Sorry last point should be:
Finally, I’ve always been advised that when defining relationships between variables, and defining causal relationships in particular, that you take the average function of XvsY and YvsX in order to remove the issue of drift (data non-stationary about each of the regression lines).
Sorry P. Solar and w.
I see your point now P.:
w. wrote:
“They are very different things, and the slope of one is simply 1/slope(the other)”
That’s not the case if your applying regression to scatter data:
s1 = cov(X,Y)/var(X)
s2 = cov(X,Y)/var(Y)
And unless you have a prefect fit:
s1 != s2
So P you’re right on your last point. Although it is a round-about way of saying it.
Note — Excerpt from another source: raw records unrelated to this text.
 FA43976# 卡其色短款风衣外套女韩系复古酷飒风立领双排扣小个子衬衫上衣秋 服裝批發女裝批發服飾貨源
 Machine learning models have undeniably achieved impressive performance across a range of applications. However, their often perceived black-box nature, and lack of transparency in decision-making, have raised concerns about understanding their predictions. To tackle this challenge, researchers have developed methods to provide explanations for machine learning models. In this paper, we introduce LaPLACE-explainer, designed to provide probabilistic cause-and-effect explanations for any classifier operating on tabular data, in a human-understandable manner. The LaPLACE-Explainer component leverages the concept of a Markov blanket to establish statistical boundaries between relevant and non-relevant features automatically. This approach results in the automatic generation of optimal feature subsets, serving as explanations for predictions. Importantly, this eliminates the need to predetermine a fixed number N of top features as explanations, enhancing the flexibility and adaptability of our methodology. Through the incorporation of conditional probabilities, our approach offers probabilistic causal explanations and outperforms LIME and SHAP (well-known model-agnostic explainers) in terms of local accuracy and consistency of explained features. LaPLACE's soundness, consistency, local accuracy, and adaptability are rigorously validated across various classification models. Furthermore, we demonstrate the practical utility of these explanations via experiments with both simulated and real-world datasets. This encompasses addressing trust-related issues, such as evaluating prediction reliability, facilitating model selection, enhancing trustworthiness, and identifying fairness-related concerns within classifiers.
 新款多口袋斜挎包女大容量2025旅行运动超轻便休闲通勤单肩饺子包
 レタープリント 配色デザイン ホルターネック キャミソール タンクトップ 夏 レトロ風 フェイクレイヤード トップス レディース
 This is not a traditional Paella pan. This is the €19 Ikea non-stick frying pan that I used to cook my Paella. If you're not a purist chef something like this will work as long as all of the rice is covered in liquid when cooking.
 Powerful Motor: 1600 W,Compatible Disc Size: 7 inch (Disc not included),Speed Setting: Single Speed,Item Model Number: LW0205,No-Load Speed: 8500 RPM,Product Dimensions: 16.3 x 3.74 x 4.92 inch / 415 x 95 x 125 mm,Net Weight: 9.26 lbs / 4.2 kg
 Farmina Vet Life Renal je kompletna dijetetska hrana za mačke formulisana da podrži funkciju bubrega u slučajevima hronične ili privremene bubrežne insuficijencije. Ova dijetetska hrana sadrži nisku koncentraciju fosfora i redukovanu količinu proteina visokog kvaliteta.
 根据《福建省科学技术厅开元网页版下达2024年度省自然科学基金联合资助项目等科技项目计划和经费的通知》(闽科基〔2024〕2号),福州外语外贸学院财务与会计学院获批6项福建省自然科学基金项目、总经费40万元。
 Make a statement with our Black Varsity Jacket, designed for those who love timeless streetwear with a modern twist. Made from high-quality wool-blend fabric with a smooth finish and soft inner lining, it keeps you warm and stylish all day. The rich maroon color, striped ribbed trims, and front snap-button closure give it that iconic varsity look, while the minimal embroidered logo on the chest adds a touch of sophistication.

My thanks to Charlie and Chris. I am totally unconvinced. I have read all I can about the hypothetical ways that the proponents of CAGW have used to try and convert change of forcings into change of surface temperatures. So far as I can see, there is very little empirical data to support the idea that this process can be performed with any sort of reliability. I simply do not believe the numbers that are suppoosed to show that as we add more CO2 to the atmosphere, surface temperatures are going to rise catastrophically.
‘
What little empirical data we have, all tends to show that adding CO2 to the atmosphere causes a negligible rise in temperature. This work by Willis is simply further confirmation that no-one needs to worry about rising temperatures as a result of the burning of fossil fuels.
Willis Eschenbach: “Near as I can tell, you have just made this up, but in any case it’s like nothing I’ve ever heard.”
Google “total least squares.”
Nylo says:
June 13, 2012 at 2:27 am
Dear Myrrh,
Please put your hand in front of a working blue laser for a few minutes, and then tell me that shortwave cannot heat. That’s absolutely ridiculous.
==========
What’s ridiculous is the mindless unthinking regurgitation of AGWScience Fiction memes from their meme producing department. The Sun is not a laser, duh.
But maybe you can’t see it because you’ve been blinded by all that blue light in the sky?
Which, by the way, is visible light refracted/reflected by being bounced around by electrons of the molecules of nitrogen and oxygen – electronic transition level which is the electrons absorbing visible light.
Thank you Willis, absolutely elegant.